:: TASK DIRECTIONS ::
Write out the listing exactly, dropping any picture it contains.

:: SUPPLIED DATA ::
%%

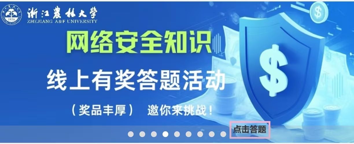 为扩大网络安全宣传的广度和深度,信息中心在智慧浙农林APP上推出了“网络安全知识线上有奖答题”活动。题目内容涵盖了网络安全的基本概念、常见风险、防范措施等多个方面,旨在通过轻松愉快的答题过程,帮助师生巩固和拓展网络安全知识。
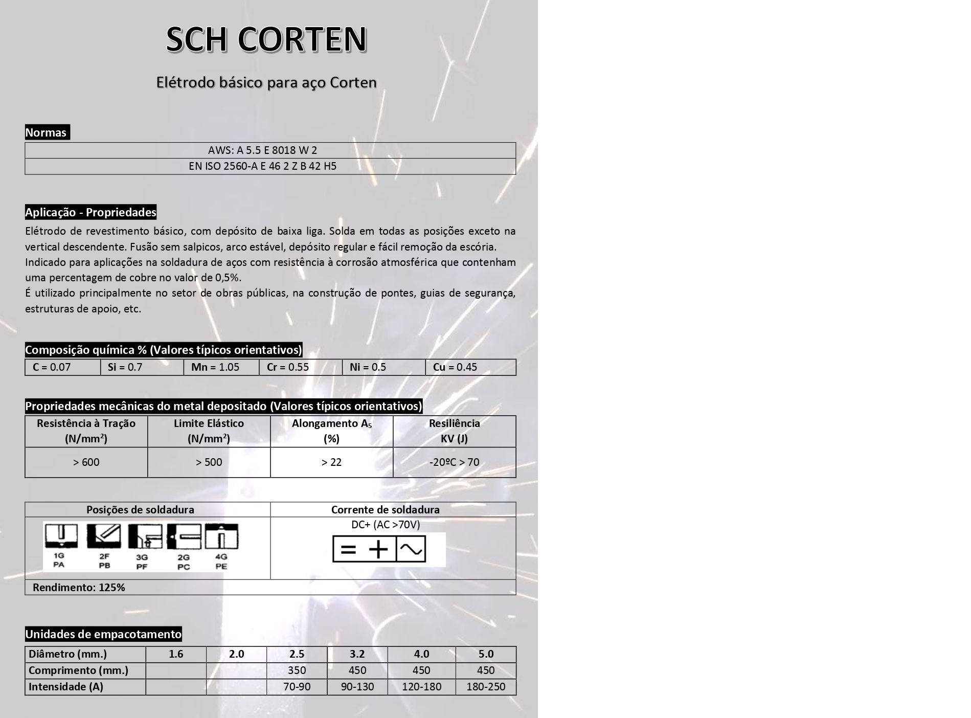 Elétrodo basico, com deposito baixa liga, para soldadura de aços Corten.
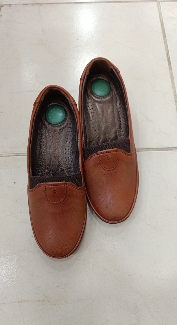 Kahverengi, düğmeli detaylı, dolgu topuklu kadın günlük ayakkabısı. Kauçuk malzemeden yapılmıştır ve minimalist stile sahiptir.
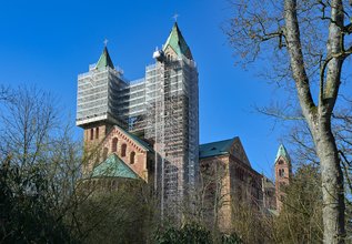 Speyer. Wer derzeit zum Speyerer Dom kommt, kann schnell erkennen, dass hier einiges für den Bauerhalt getan wird. Zu sehen ist das an den Gerüsten, die derzeit an den Osttürmen, in der Vorhalle und am Ölberg stehen. „Gerüste sehen zwar nicht schön aus, sind aber eigentlich ein gutes Zeichen“, sagte Domdekan und Domkustos Dr. Christoph Kohl. „Gerüste sagen: Hier kümmert sich jemand um den Bau.“ Wie genau das Kümmern aussieht und warum vieles auch erst geplant werden kann, wenn das Gerüst schon steht, erläuterte Dombaumeisterin Hedwig Drabik. Sie gab in einem Mediengespräch Einblick in die Arbeiten der zurückliegenden Monate.

%%

:: RESPONSE TO THIS TASK ::
 为扩大网络安全宣传的广度和深度,信息中心在智慧浙农林APP上推出了“网络安全知识线上有奖答题”活动。题目内容涵盖了网络安全的基本概念、常见风险、防范措施等多个方面,旨在通过轻松愉快的答题过程,帮助师生巩固和拓展网络安全知识。
 Elétrodo basico, com deposito baixa liga, para soldadura de aços Corten.
 Kahverengi, düğmeli detaylı, dolgu topuklu kadın günlük ayakkabısı. Kauçuk malzemeden yapılmıştır ve minimalist stile sahiptir.
 Speyer. Wer derzeit zum Speyerer Dom kommt, kann schnell erkennen, dass hier einiges für den Bauerhalt getan wird. Zu sehen ist das an den Gerüsten, die derzeit an den Osttürmen, in der Vorhalle und am Ölberg stehen. „Gerüste sehen zwar nicht schön aus, sind aber eigentlich ein gutes Zeichen“, sagte Domdekan und Domkustos Dr. Christoph Kohl. „Gerüste sagen: Hier kümmert sich jemand um den Bau.“ Wie genau das Kümmern aussieht und warum vieles auch erst geplant werden kann, wenn das Gerüst schon steht, erläuterte Dombaumeisterin Hedwig Drabik. Sie gab in einem Mediengespräch Einblick in die Arbeiten der zurückliegenden Monate.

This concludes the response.